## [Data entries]
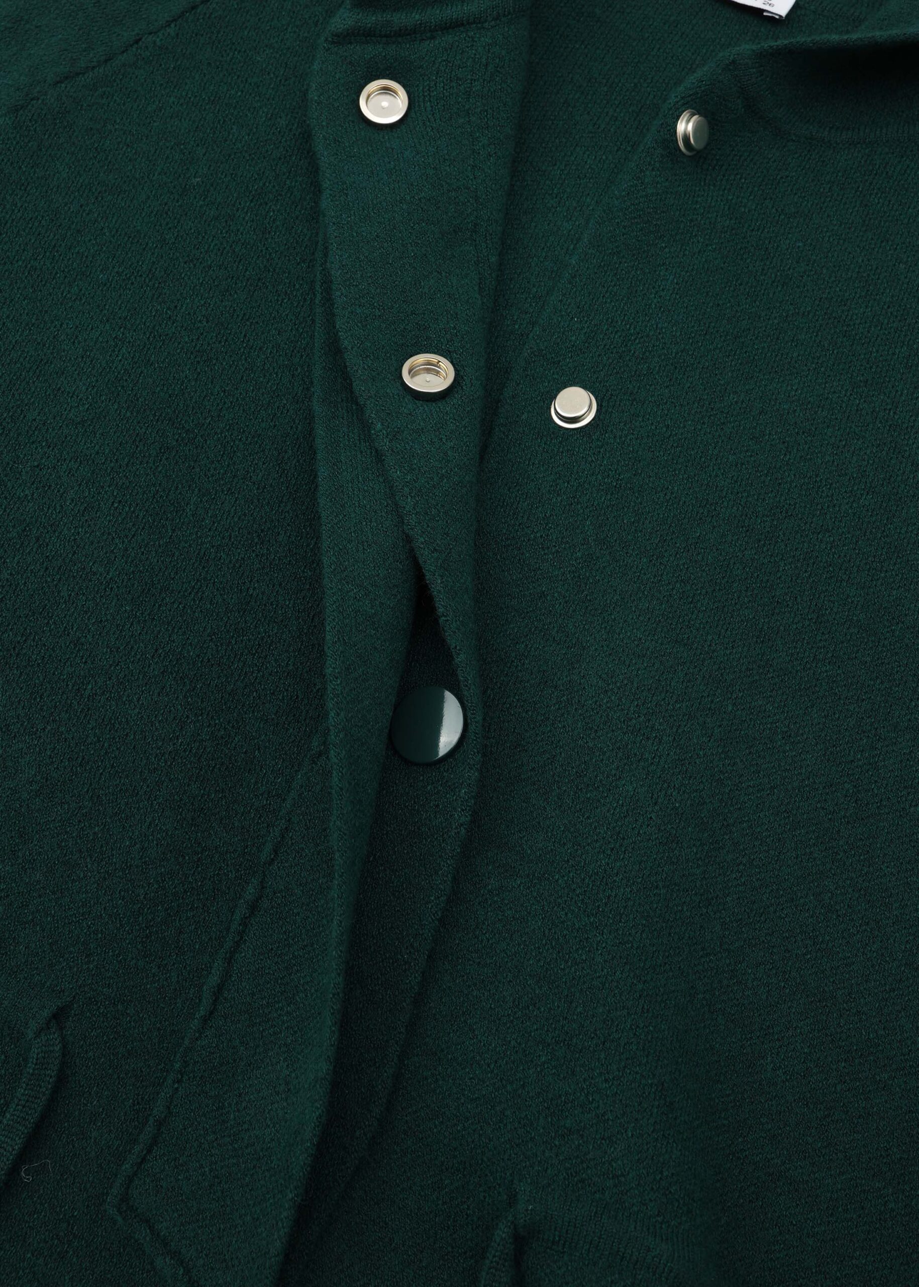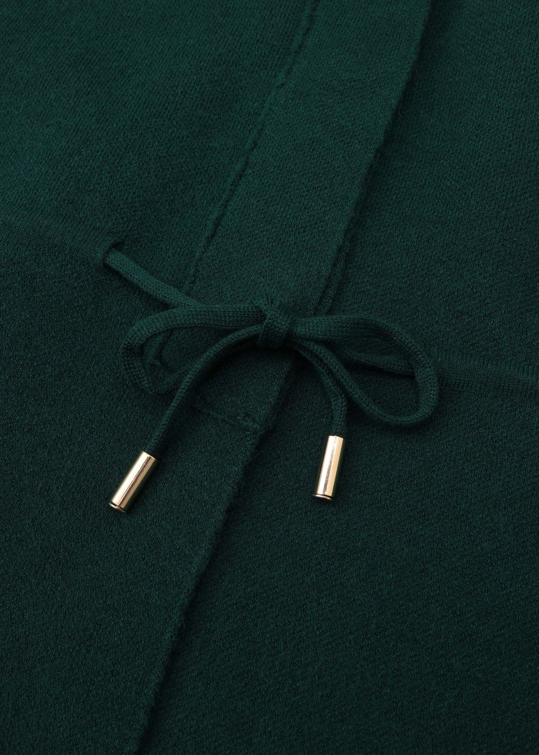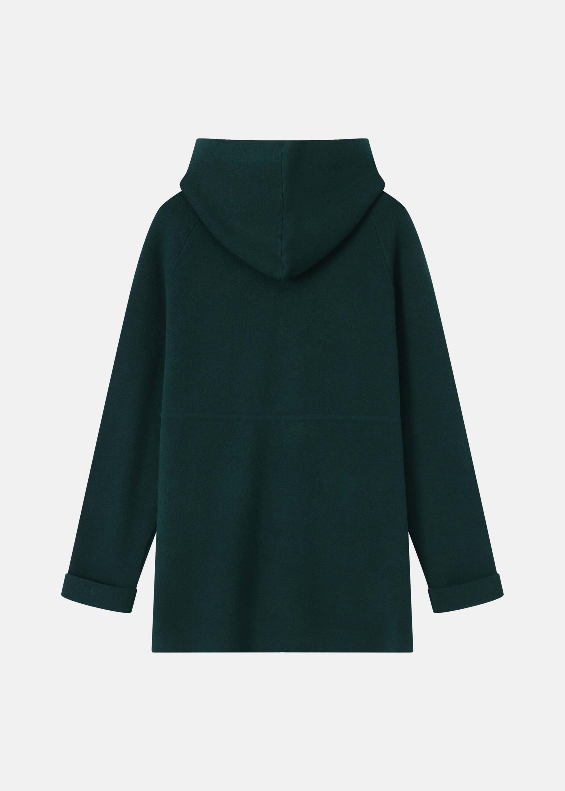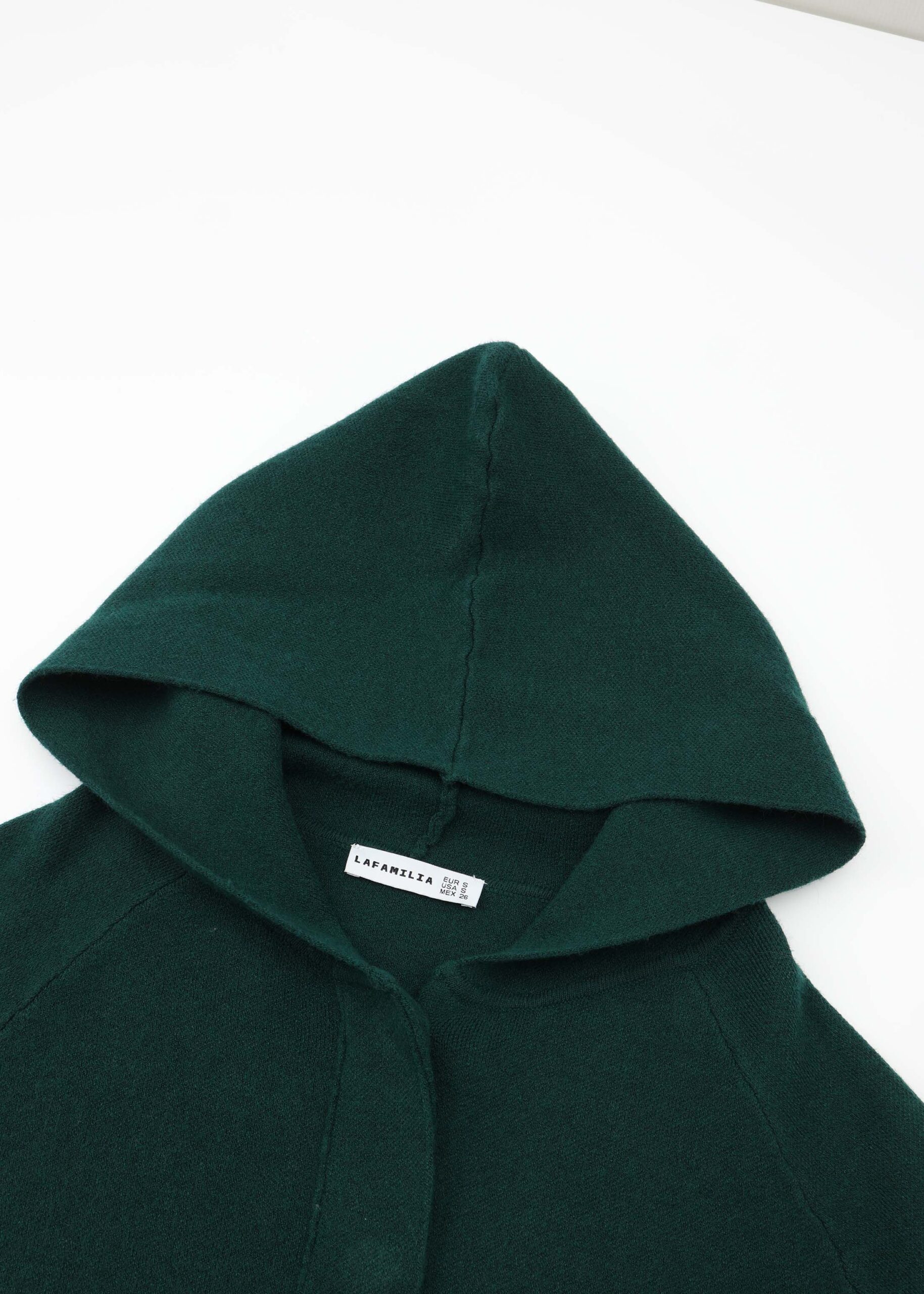 Women jacket, knitted fabric, plain, long, hood with front buttons to close, waist tie, long sleeves, unique and modern
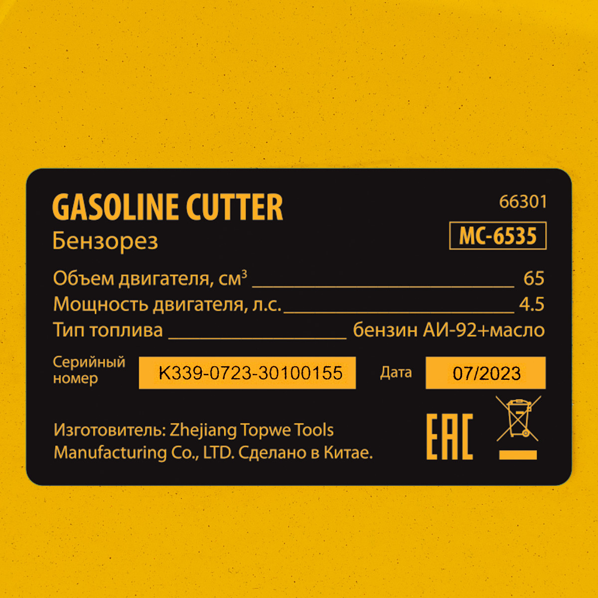 • Гарантия 3 года — высокое качество бензореза подтверждено производителем.
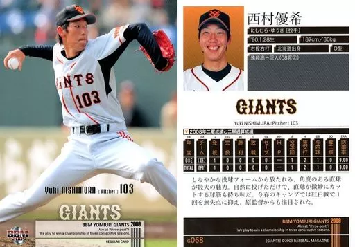 Nombre comercial en japonés: BBM/レギュラーカード/BBM 読売ジャイアンツ 2009 G068 [レギュラーカード] : 西村優希
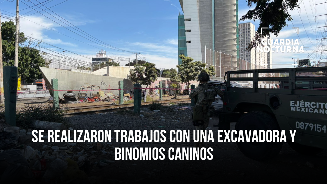 Las labores incluyeron el uso de maquinaria pesada, como una excavadora, así como binomios caninos, los cuales realizaron inspecciones en puntos específicos cercanos a las vías ferroviarias, como parte de las diligencias en curso.
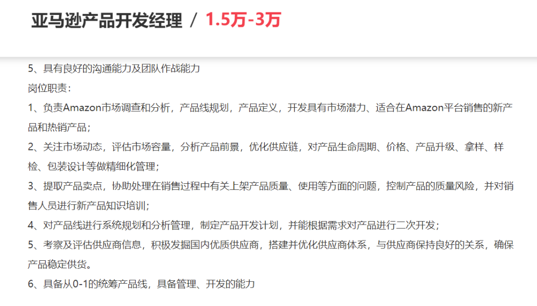 之前了解过深圳还有杭州那边很多亚马逊公司,包括规模小的公司都会专门配产品开发岗,并且有的产品开发也参与产品的利润分成。
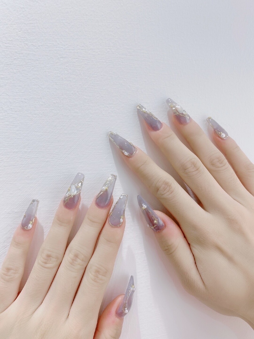 日系美甲|秋冬美甲涩味美甲,这高级的灰紫色巨显白。-美图社区-美图秀秀
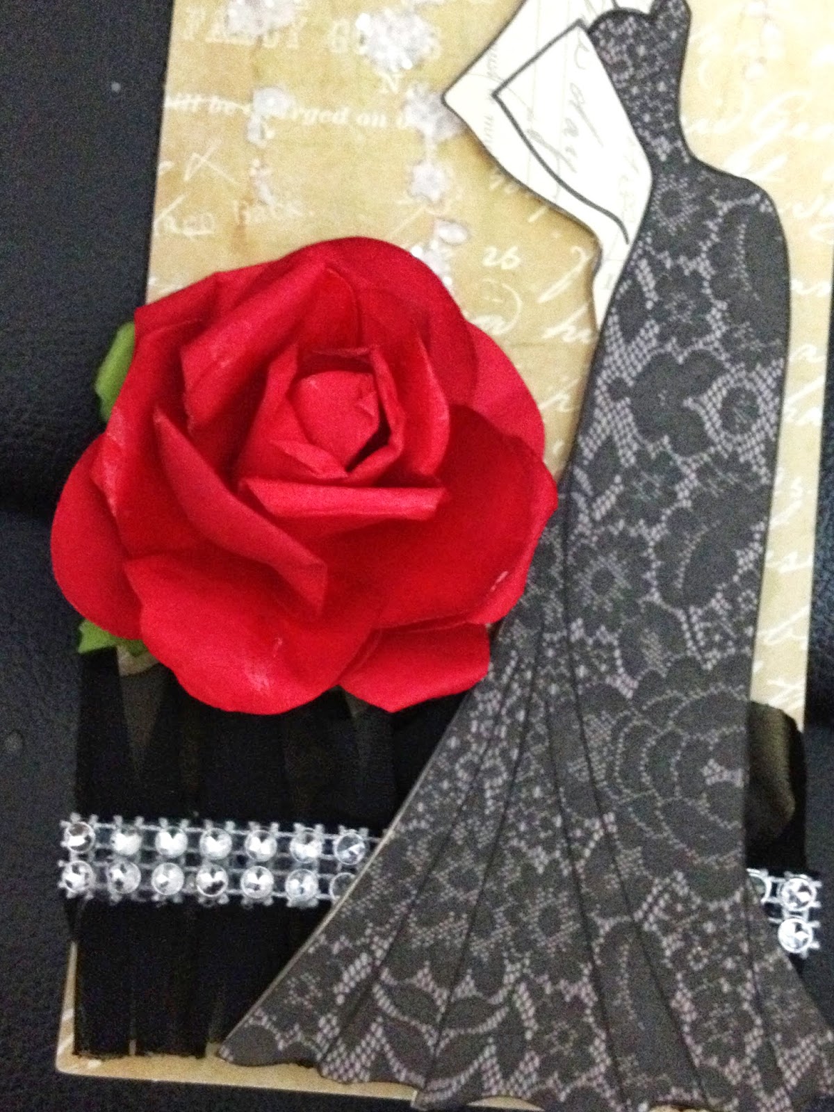 And finally, tag #5 was not part of the swap, but I wanted to share it anyway. I guess I was getting a little tired of all that pale colors, so I decided to add some red to my project. You notice, no pearls, stick pins, or charms.
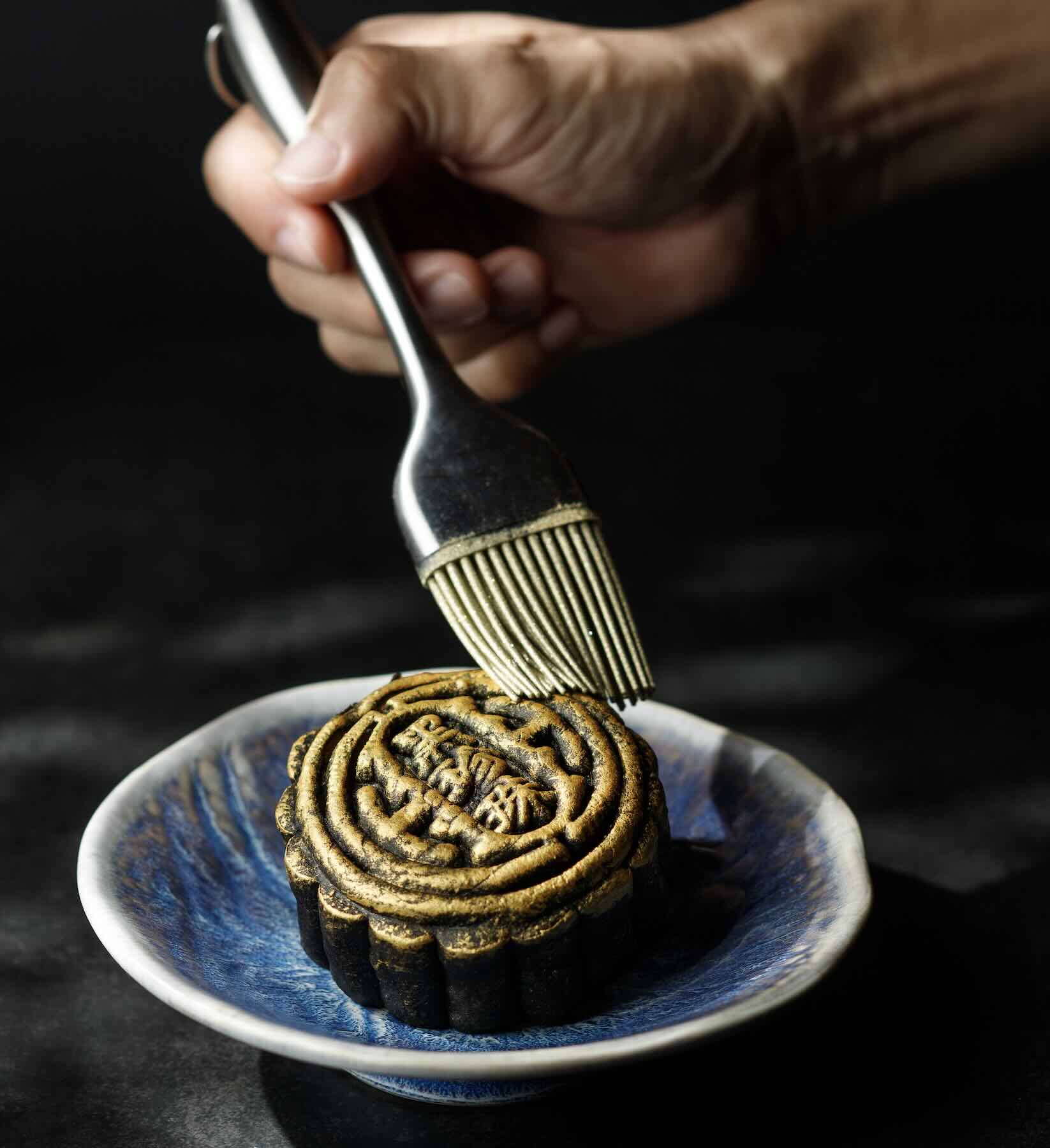 - Hong Kong Style Custard Mooncake (x2) — Gilded with gold and encased in a charcoal crust, this mooncake surprises with smooth custard and low-sugar white lotus paste.
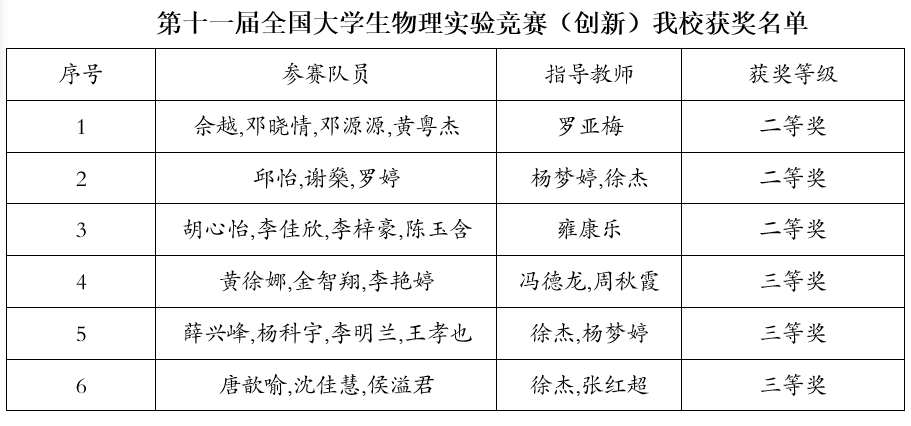 11月21日至24日,第十一届全国大学生物理实验竞赛(创新)在中南大学潇湘校区成功举办并圆满落幕。我校共派出6支队伍参加国赛,历经初赛与决赛的层层角逐,最终斩获全国二等奖3项、三等奖3项,我校荣膺优秀组织奖。
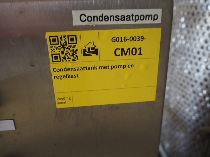 Friamco BV condensate unit, year of construction: 2016, temperature: 98 °C, 230 V, 3 A, dimensions: 1400 mm x 800 mm x 1000 mm.
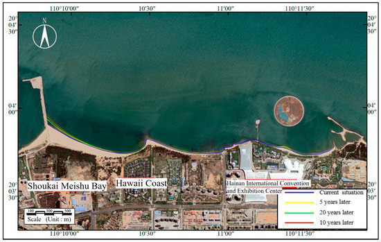 Calculated results regarding shoreline evolution in eastern section of Haikou Bay.
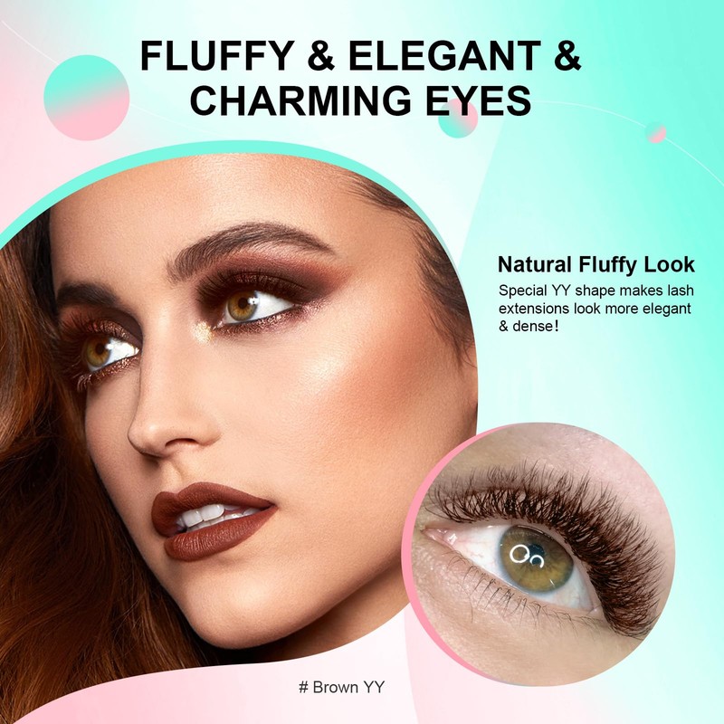 - UNIQUE LOOK: The arrangement of the yy lashes roots is clearly visible and lashes are easy to pick up without breaking the roots. Special YY type makes lashes extension look more graceful and fluffy.
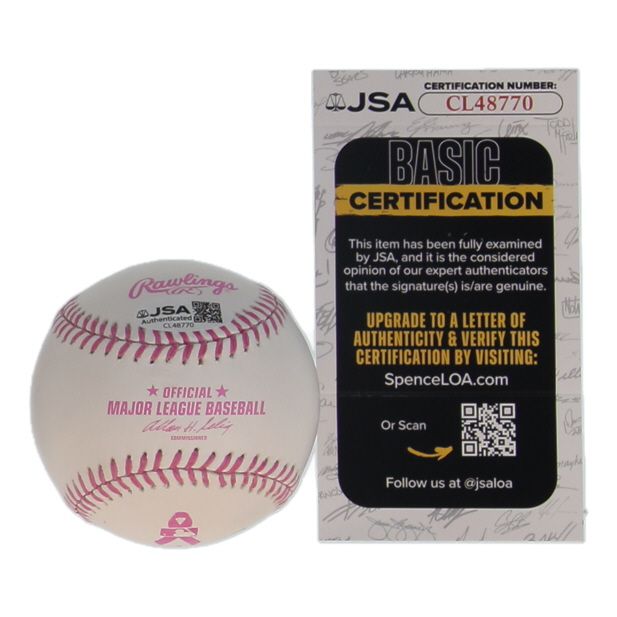 Rawlings Official Major League breast cancer awareness logo baseball. Hand-signed by Lance Lynn (St. Louis Cardinals).
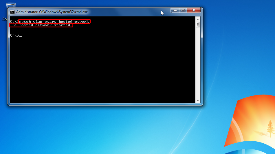 Bilgisayarınızda kablosuz erişim noktasını çalıştırmak için netsh wlan start hostednetwork komutunu çalıştırın.

## [REQUIRED WORK]
Transcribe each entry exactly; images stay out.

## [YOUR SOLUTION]
 Women jacket, knitted fabric, plain, long, hood with front buttons to close, waist tie, long sleeves, unique and modern
 • Гарантия 3 года — высокое качество бензореза подтверждено производителем.
 Nombre comercial en japonés: BBM/レギュラーカード/BBM 読売ジャイアンツ 2009 G068 [レギュラーカード] : 西村優希
 Las labores incluyeron el uso de maquinaria pesada, como una excavadora, así como binomios caninos, los cuales realizaron inspecciones en puntos específicos cercanos a las vías ferroviarias, como parte de las diligencias en curso.
 之前了解过深圳还有杭州那边很多亚马逊公司,包括规模小的公司都会专门配产品开发岗,并且有的产品开发也参与产品的利润分成。
 日系美甲|秋冬美甲涩味美甲,这高级的灰紫色巨显白。-美图社区-美图秀秀
 And finally, tag #5 was not part of the swap, but I wanted to share it anyway. I guess I was getting a little tired of all that pale colors, so I decided to add some red to my project. You notice, no pearls, stick pins, or charms.
 - Hong Kong Style Custard Mooncake (x2) — Gilded with gold and encased in a charcoal crust, this mooncake surprises with smooth custard and low-sugar white lotus paste.
 11月21日至24日,第十一届全国大学生物理实验竞赛(创新)在中南大学潇湘校区成功举办并圆满落幕。我校共派出6支队伍参加国赛,历经初赛与决赛的层层角逐,最终斩获全国二等奖3项、三等奖3项,我校荣膺优秀组织奖。
 Friamco BV condensate unit, year of construction: 2016, temperature: 98 °C, 230 V, 3 A, dimensions: 1400 mm x 800 mm x 1000 mm.
 Calculated results regarding shoreline evolution in eastern section of Haikou Bay.
 - UNIQUE LOOK: The arrangement of the yy lashes roots is clearly visible and lashes are easy to pick up without breaking the roots. Special YY type makes lashes extension look more graceful and fluffy.
 Rawlings Official Major League breast cancer awareness logo baseball. Hand-signed by Lance Lynn (St. Louis Cardinals).
 Bilgisayarınızda kablosuz erişim noktasını çalıştırmak için netsh wlan start hostednetwork komutunu çalıştırın.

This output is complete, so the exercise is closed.